Regulatory compliance remains straightforward as 605-78-7 isn't classified under restricted categories. Safety data sheets recommend standard organic compound handling procedures. Storage stability studies indicate >24-month shelf life under inert atmosphere, addressing common supply chain concerns about specialty chemicals degradation.
Market analysts project the global aromatic ketones market to reach $2.8 billion by 2027, with di-1-naphthalenyl methanone capturing niche segments. Patent analysis reveals increasing filings (17% YoY) for its derivatives in flexible electronics and anti-counterfeiting inks – addressing current industry pain points about product authentication.

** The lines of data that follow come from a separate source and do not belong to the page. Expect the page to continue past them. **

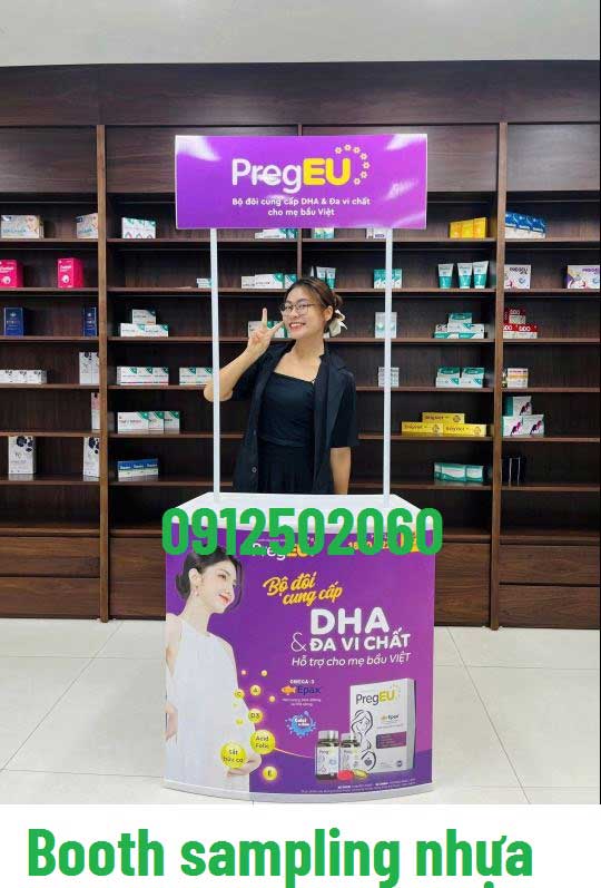 quầy phát hàng mẫu gấp gọn mặt inox cho thuê
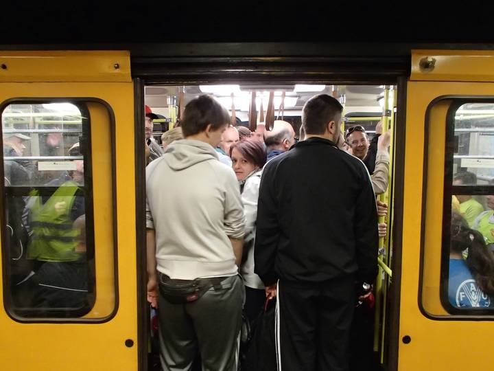 Deák Ferenc tér M1 In der modernen M2 war noch genug Platz, aber in der antiquierten M1 wurde es dann voller. |
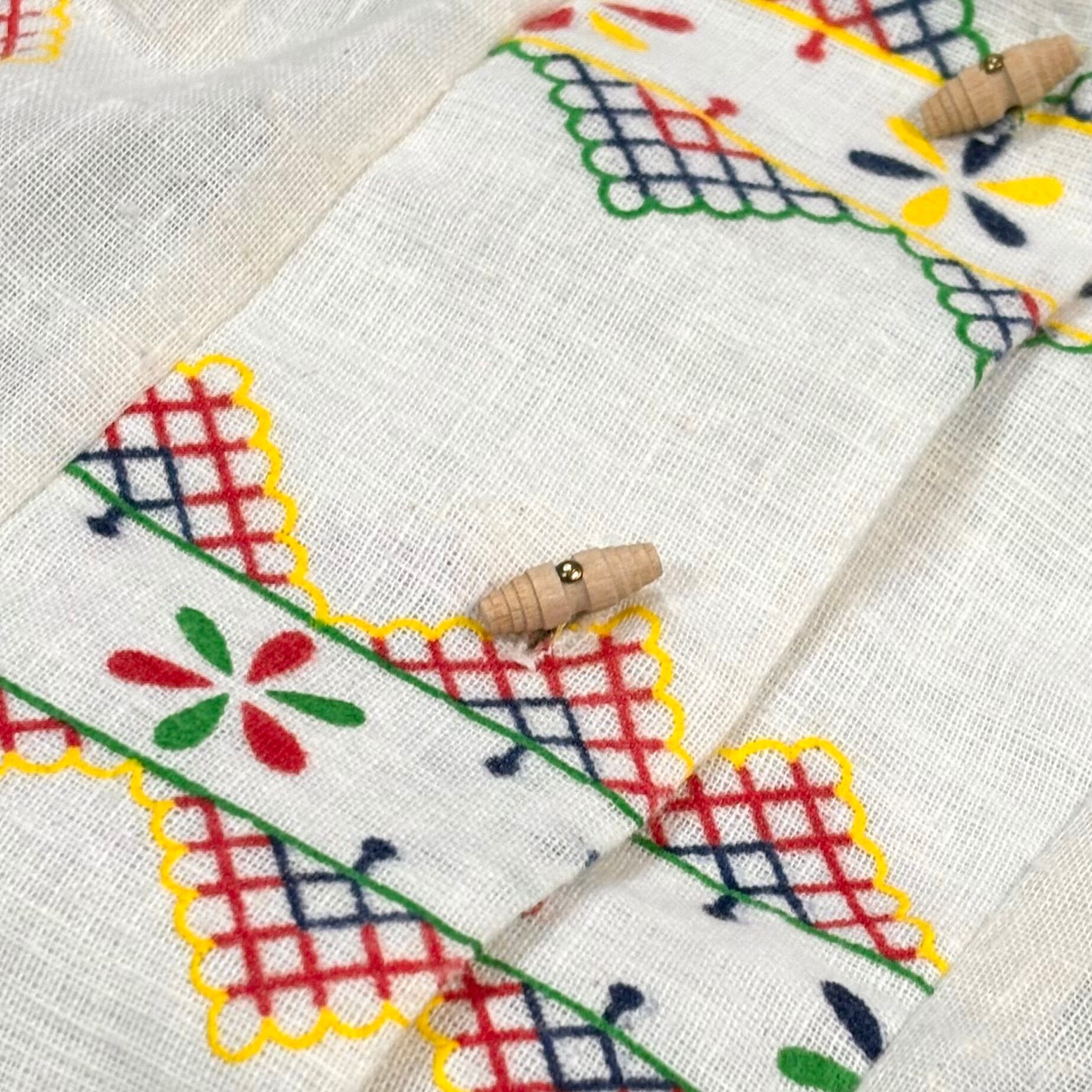 ボヘミアンでヒッピーな雰囲気の総柄に木のボタンがアクセントになっていてとっても可愛いアイテムです。
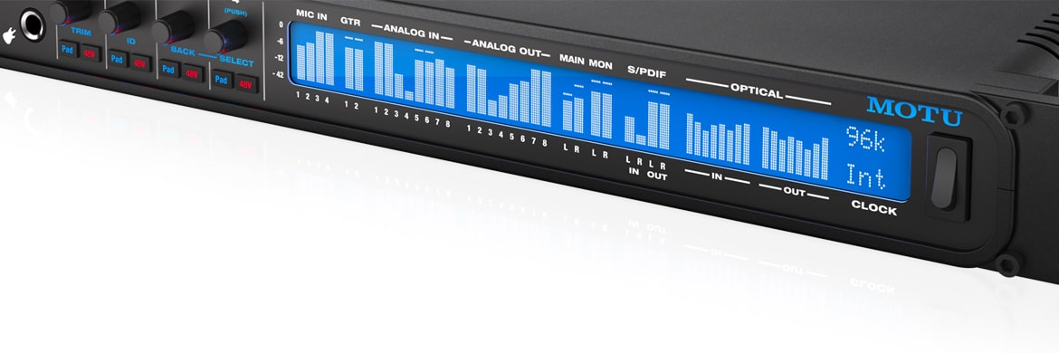 View all I/O activity at a glanceThe large backlit 324 x 24 LCD lets you view all signal activity at a glance with detailed metering for all analog and digital I/O. Access hardware settings from a simple and convenient menu.
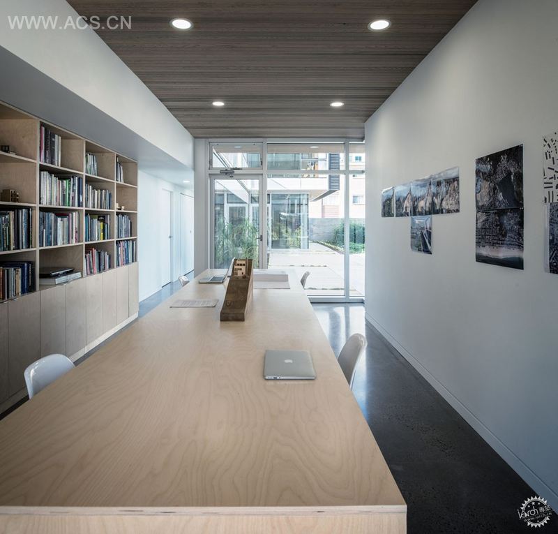 木纹水泥和水纹钢构成附近工业屋的建筑语言,预算也制约着项目。水泥条板和墙既用作结构也用作外观,在一天中通过电气计量提供被动的太阳能热源。木质露台、拱腹和楼梯在建筑中暴露无遗,在屋顶放置了花盆,楼下则有花床。
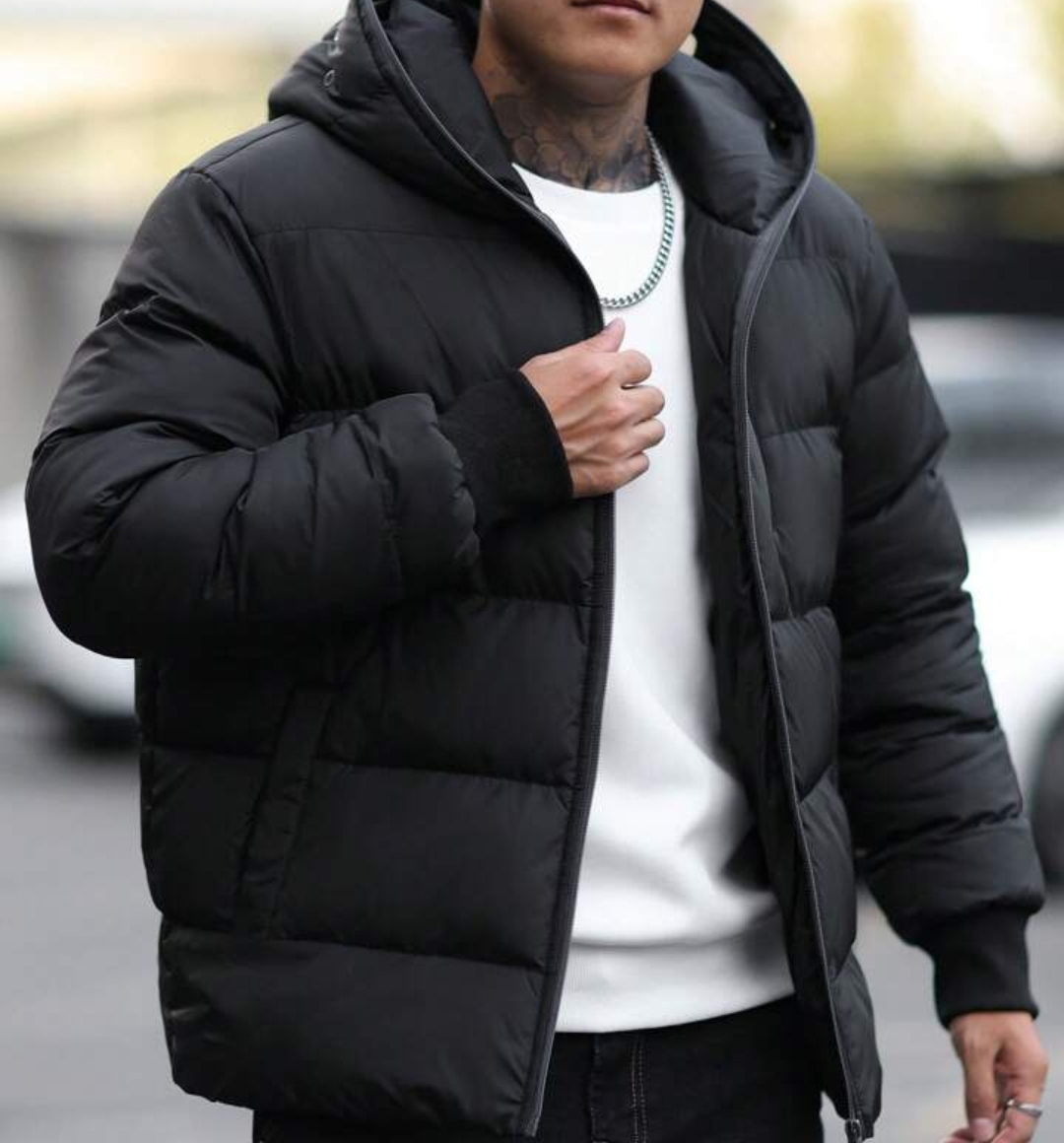 Jaqueta Masculina Puffer Preta com Capuz – Estilo e Proteção para o Inverno
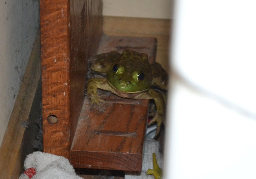 A few days ago, I found a big bullfrog in my laundry room.  I was about to throw in a load of laundry and out of the corner of my eye, I saw it sitting silently right in front of the washing machine.  I was so surprised to see him that I admit, I did scream a little.  It promptly hopped between the wall and the washer and sat some more.
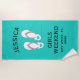 Voyage escapade week-end des filles destination personnalisée Beach Towel. Joli design avec des sandales de plage. Personnalisé avec nom, date et destination tropicale. Elégant modèle de typographie avec conception de tongs de coeur girly. Créez des cadeaux uniques pour les meilleurs amis, invités, demoiselles d'honneur, famille, équipe de mariée, mariée, demoiselles d'honneur, groupes, équipe de mariages, etc. Idéal pour la fête de bachelorette, vacances pour dames, escapade de groupe, soirée amusante etc. bleu turquoise ou couleur personnalisée. Idéal aussi pour la piscine.
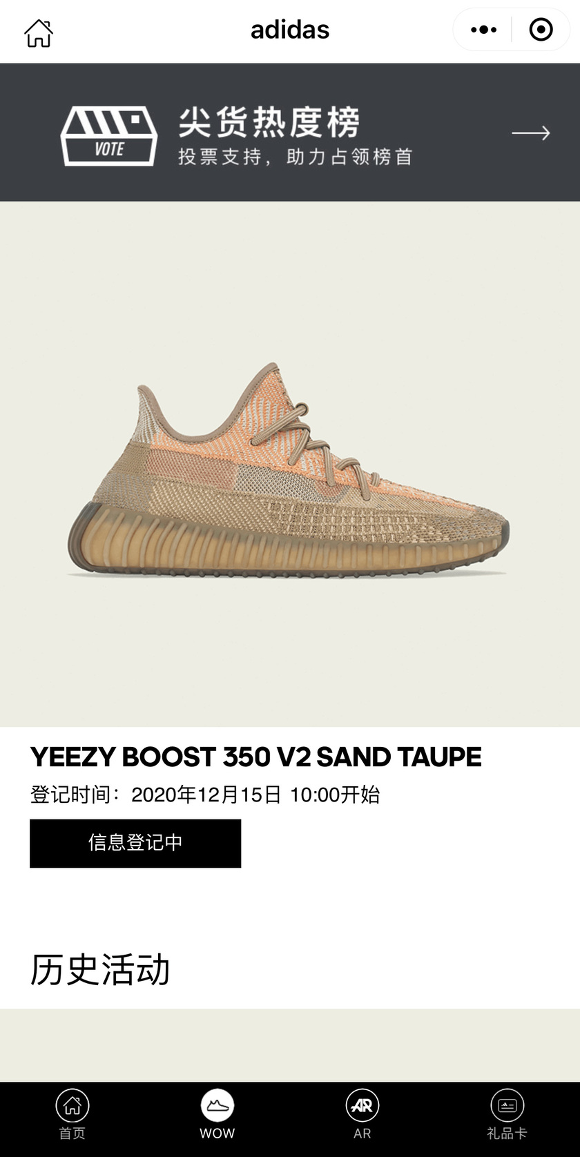 因外观酷似两款美洲限定 “Clay” 和 “Earth” 的结合而备受关注的 Yeezy Boost 350 V2 “Sand Taupe” 配色,今日开启了小程序登记。
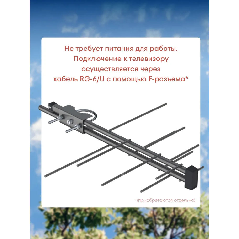 Антенна снабжена усилителем и блоком питания, но для подключения к телевизору дополнительно потребуются коаксиальный кабель, F-коннектор и штекер САТ-Ш, которые не в комплект не включены. Также рекомендуем обратить внимание на акссесуары для ТВ-систем, такие как кронштейны, мачты и делители сигнала на несколько телевизоров.
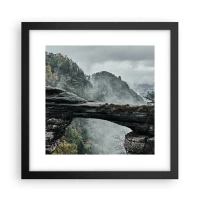 Reloj de pared - Reloj de vidrio - Un arco de piedra rodeado de montañas brumosas y bosques. - 30x30cm - La aventura está a punto de comenzar - Decoración de pared moderna para salón y dormitorio ARTTOR
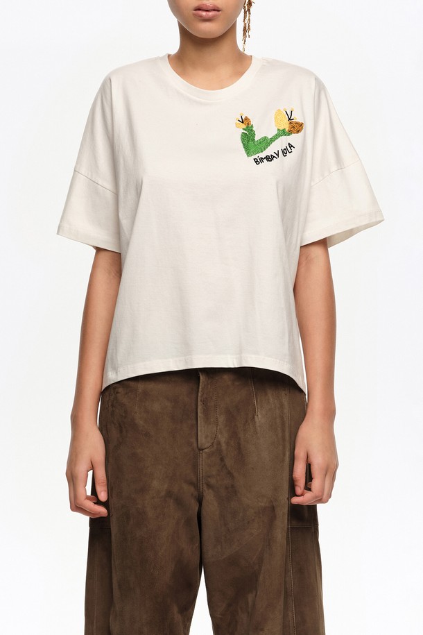 [26SS] 빔바이롤라 자수 로고 티셔츠 - 아이보리 B265AWT005IVB
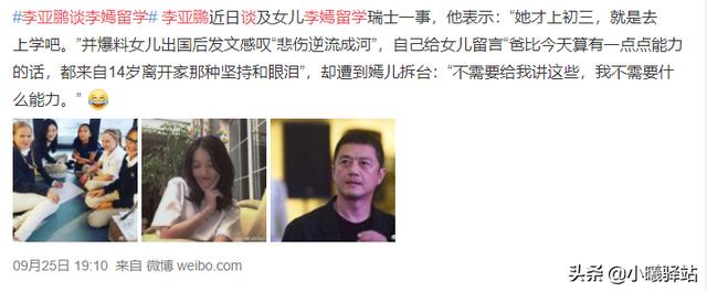 前段时间,在瑞士上学的李嫣发了一条朋友圈:悲伤逆流成河。爸爸李亚鹏回复说:“爸比今天算有一点点能力的话,都来自14岁离开家那种坚持和眼泪。“
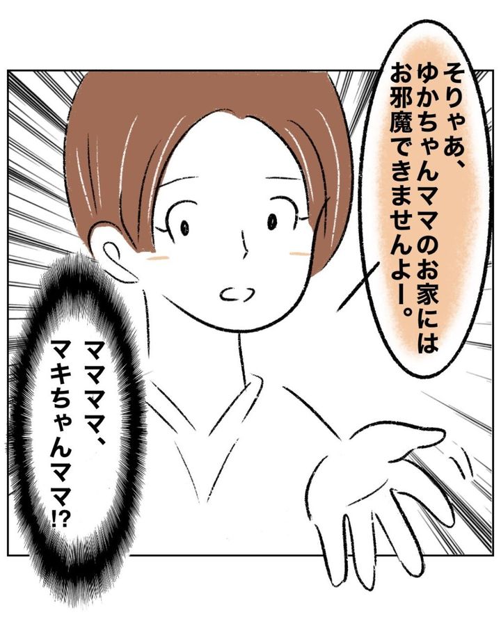 マキちゃんママの言葉に、ゆかちゃんママは「え?なんでですか?てか、あなたは呼んでませんが?」と不快感を露わにしてマキちゃんママを睨みつけました。
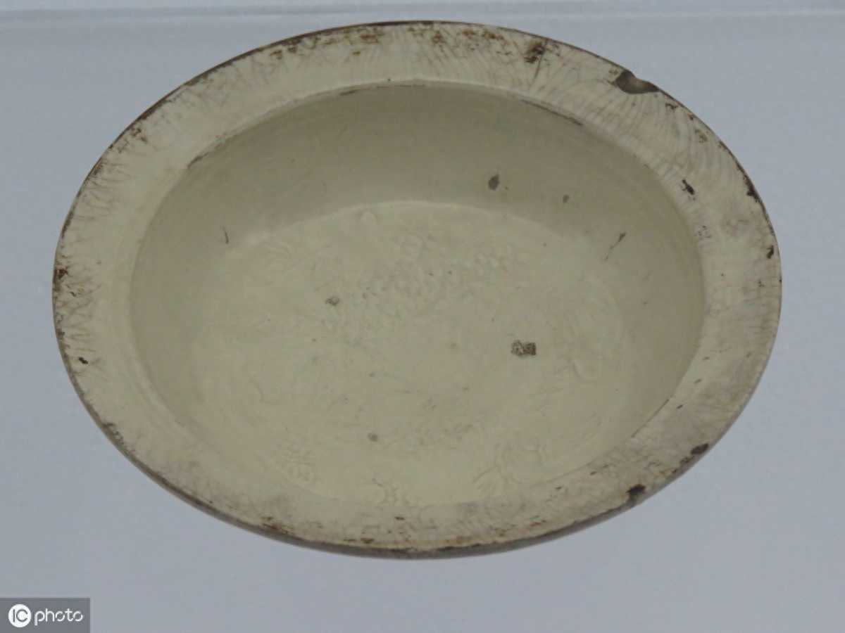 瓷器鉴定真知堂:从数量众多的类汝瓷窑址来看,金代北方瓷器生产并未萧条,反而蓬勃发展,原因是汝窑瓷器生产技术不再保密,众多窑口都生产类似瓷器。图为山西博物馆收藏的金代白瓷印花双鱼洗。
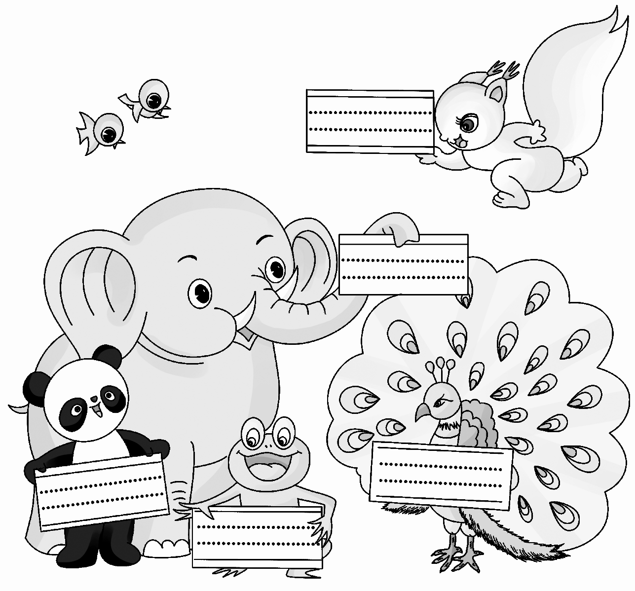答案 大象(dà xiànɡ) 松鼠(sōnɡ shǔ) 熊猫(xiónɡ māo) 孔雀(kǒnɡ què) 青蛙(qīnɡ wā)
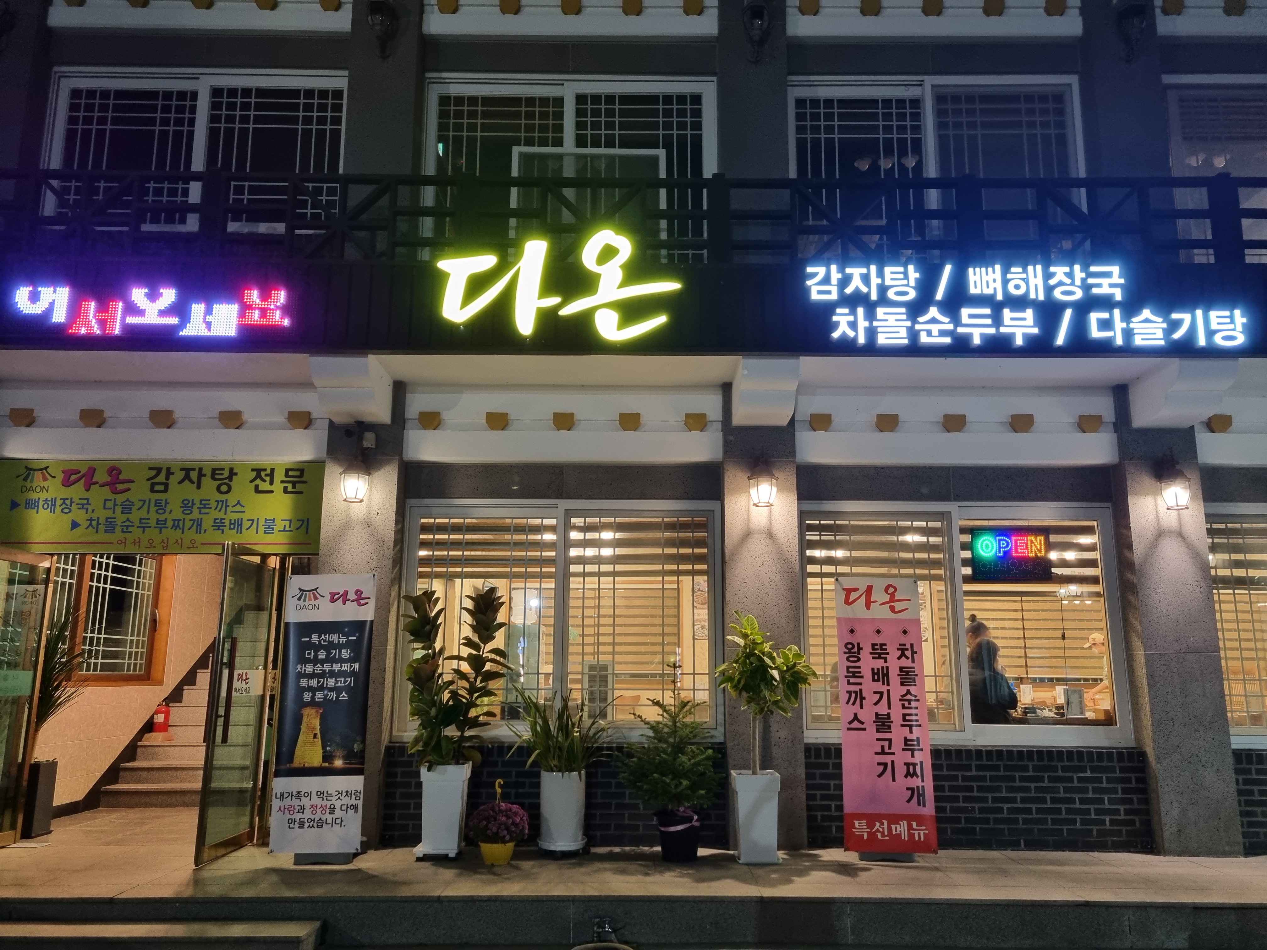 경주에 위치한 “다온”은 감자탕에 특화된 본격적인 한식 레스토랑입니다. 주변 주민과 방문객 모두에게 사랑받는 이 식당은 모든 요리를 신선한 재료로 만드는 데 자부심을 가지고 있습니다.
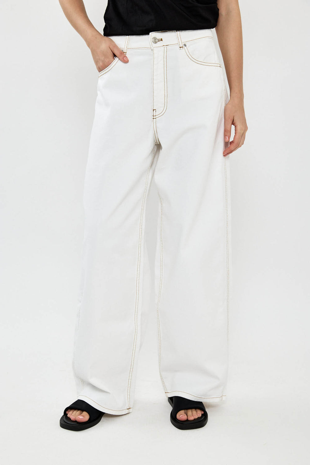מכנסיים בגזרה רחבה עם מותן גבוהה וסגירת רוכסן וכפתור. עשויים מבד עבה ועמיד בגוון טבעי עם תפרים מודגשים ליצירת מראה ייחודי ומחוספס. כיסים קדמיים ואחוריים להשלמת הלוק הקז'ואלי.
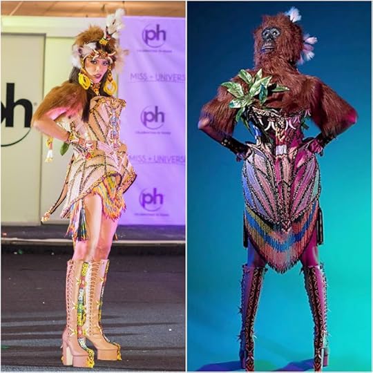 Miss International United Kingdom Ashley Powell: This had to be one of the, shall we say "unusual' costumes of Tuesday night's Miss International 2017 Beauty Pageant. Miss United Kingdom was literally CARRYING a red with faux ermine trim caped GOLDEN LION! And huney, I was like "yep! I TOTALLY get it! She's from Great Britain!". In fact the costume is inspired by the Royal Arms of England, a coat of arms showcasing lions. I think it's definitely VERY original and at the same time, showing something of the UK culture. Listen, at least she's not carrying a plate of fish & chips on her back! Then again, that could be fabulous too...if the fish was completely done with golden Swarovski crystals!

Environmental impact assessments show favorable biodegradation profiles compared to similar polycyclic aromatic compounds. Lifecycle analysis studies suggest its production generates 40% less carbon footprint than traditional phthalate-based alternatives, resonating with ESG (Environmental, Social, and Governance) focused manufacturers.
For researchers investigating structure-property relationships, this compound serves as an excellent model system. Its crystallographic data (CCDC deposition number 1023456) enables computational chemistry studies using molecular docking software – a technique gaining traction in materials informatics workflows.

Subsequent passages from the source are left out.